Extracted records
........

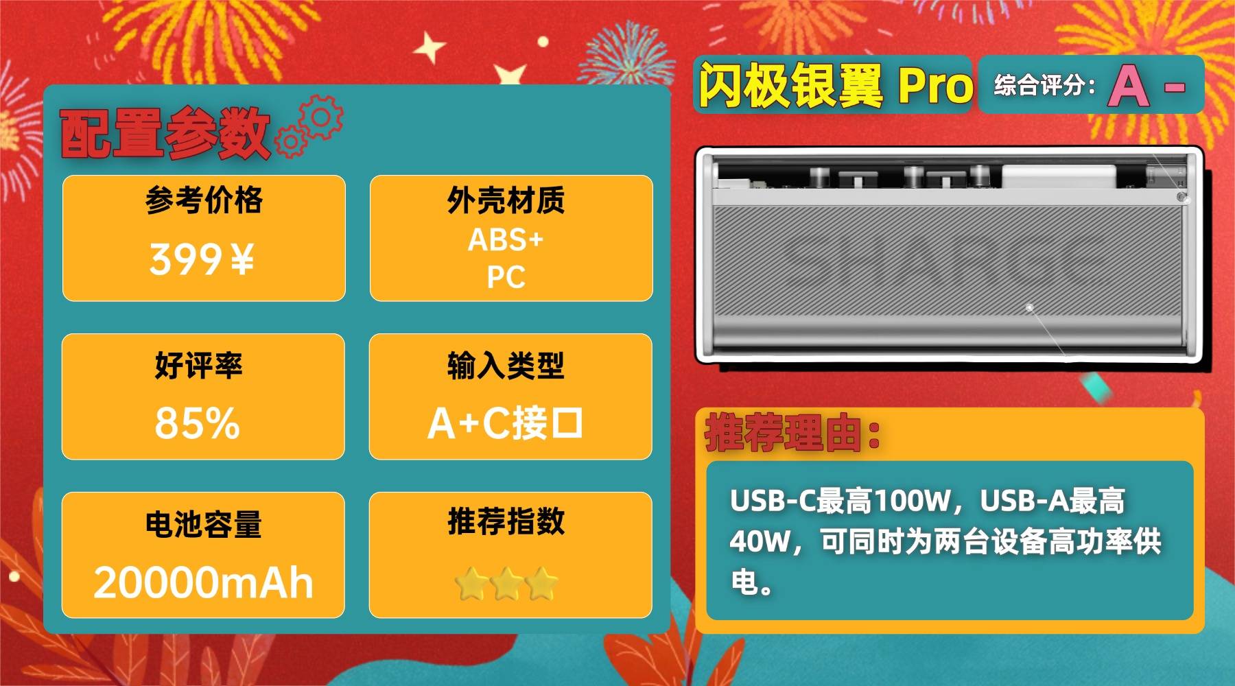 学生推荐充电宝第七名:闪-极银翼 Pro
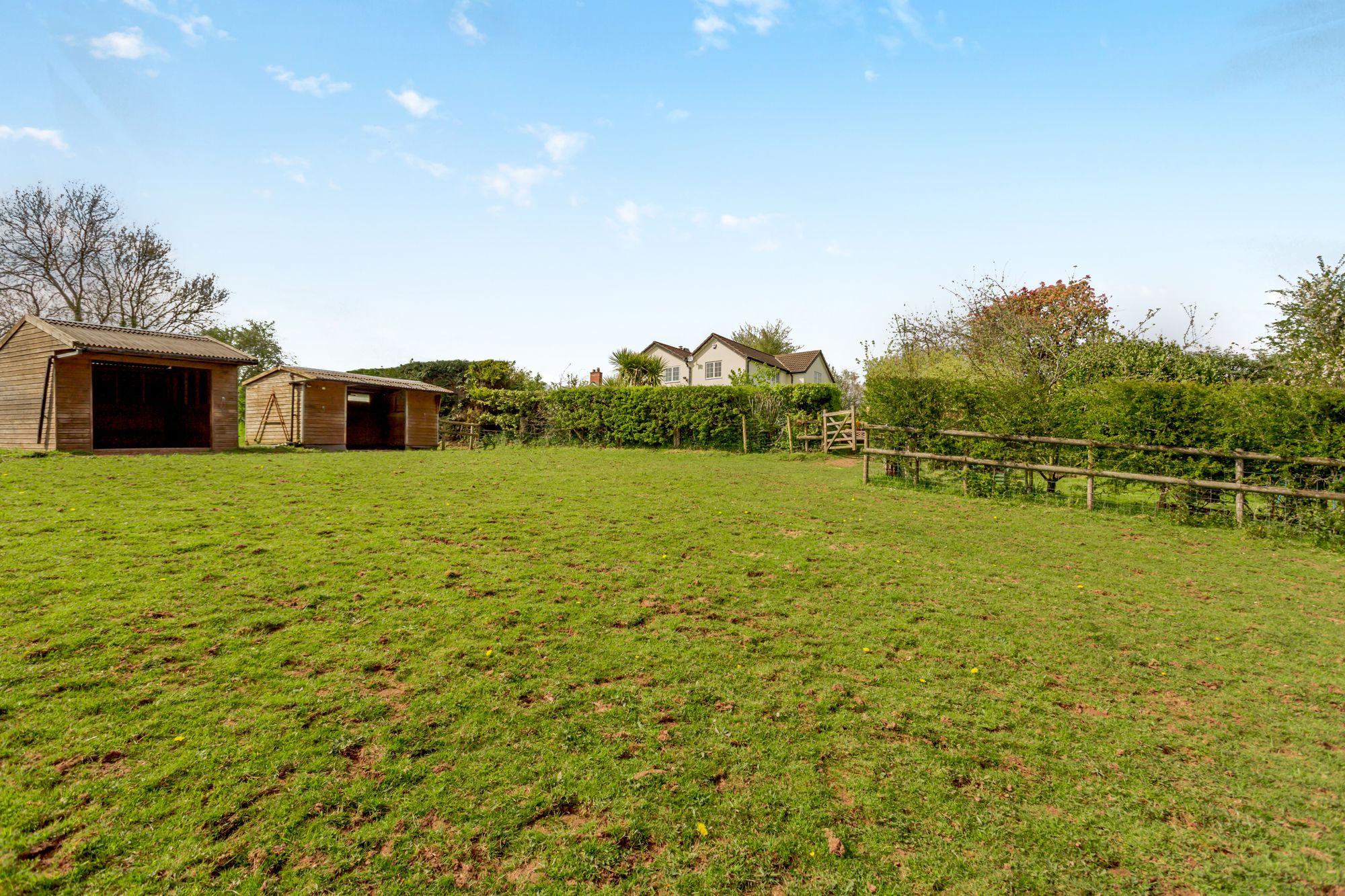 The gardens to the side and rear of the property are mainly laid to lawn, with flower borders and established shrubs. Nearest the house there are two terraces, from which to enjoy the lovely surroundings. For grow-your-own enthusiasts, there is a small fenced orchard with apple, cherry and plum trees, a vegetable plot with raised beds and, alongside the stables, a fruit garden with an assortment of fruit bushes and further raised growing beds. The garden also contains a greenhouse and a garden shed. Beyond the gardens is a large paddock with two field shelters.
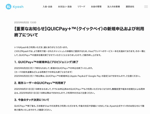 Kyashは2025年6月2日にQUICPay+の新規申込を停止し、8月31日には既存ユーザーの利用も完全終了すると発表。同社は「より便利で統一されたキャッシュレス体験を提供するため、Visaブランドへのサービス一本化を進めている」と説明している
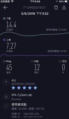 速度正常, 而且, 2018年5月有人回報係3日裡面用左9GB 都無瑣速. 加分.
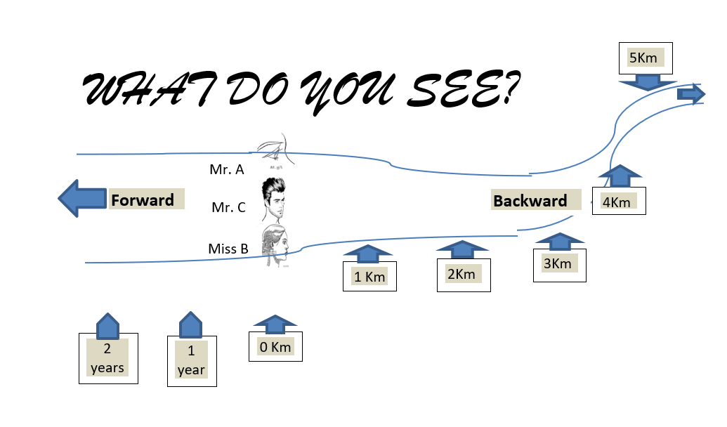 what you see, how much can you see, and how deep and far can you see, whether, in the past or the future. There is a road marked with (kilometer) milestones. One arrow shows forward and the other backwards indicating the directions in life, while you stand at a pint. You have seen these things in past, and are familiar with. This road you have travelled in the past. Those at the 0 KM are looking backwards, and trying to see, what all they could, and how deep. It was at a, and for a fixed moment in time. It is not what they saw at different timings. We all; the readers, are being represented by these three only.

........

- Problem -
In the answer, the entries must appear exactly as above, without the images.

- Task response -
 学生推荐充电宝第七名:闪-极银翼 Pro
 The gardens to the side and rear of the property are mainly laid to lawn, with flower borders and established shrubs. Nearest the house there are two terraces, from which to enjoy the lovely surroundings. For grow-your-own enthusiasts, there is a small fenced orchard with apple, cherry and plum trees, a vegetable plot with raised beds and, alongside the stables, a fruit garden with an assortment of fruit bushes and further raised growing beds. The garden also contains a greenhouse and a garden shed. Beyond the gardens is a large paddock with two field shelters.
 Kyashは2025年6月2日にQUICPay+の新規申込を停止し、8月31日には既存ユーザーの利用も完全終了すると発表。同社は「より便利で統一されたキャッシュレス体験を提供するため、Visaブランドへのサービス一本化を進めている」と説明している
 速度正常, 而且, 2018年5月有人回報係3日裡面用左9GB 都無瑣速. 加分.
 what you see, how much can you see, and how deep and far can you see, whether, in the past or the future. There is a road marked with (kilometer) milestones. One arrow shows forward and the other backwards indicating the directions in life, while you stand at a pint. You have seen these things in past, and are familiar with. This road you have travelled in the past. Those at the 0 KM are looking backwards, and trying to see, what all they could, and how deep. It was at a, and for a fixed moment in time. It is not what they saw at different timings. We all; the readers, are being represented by these three only.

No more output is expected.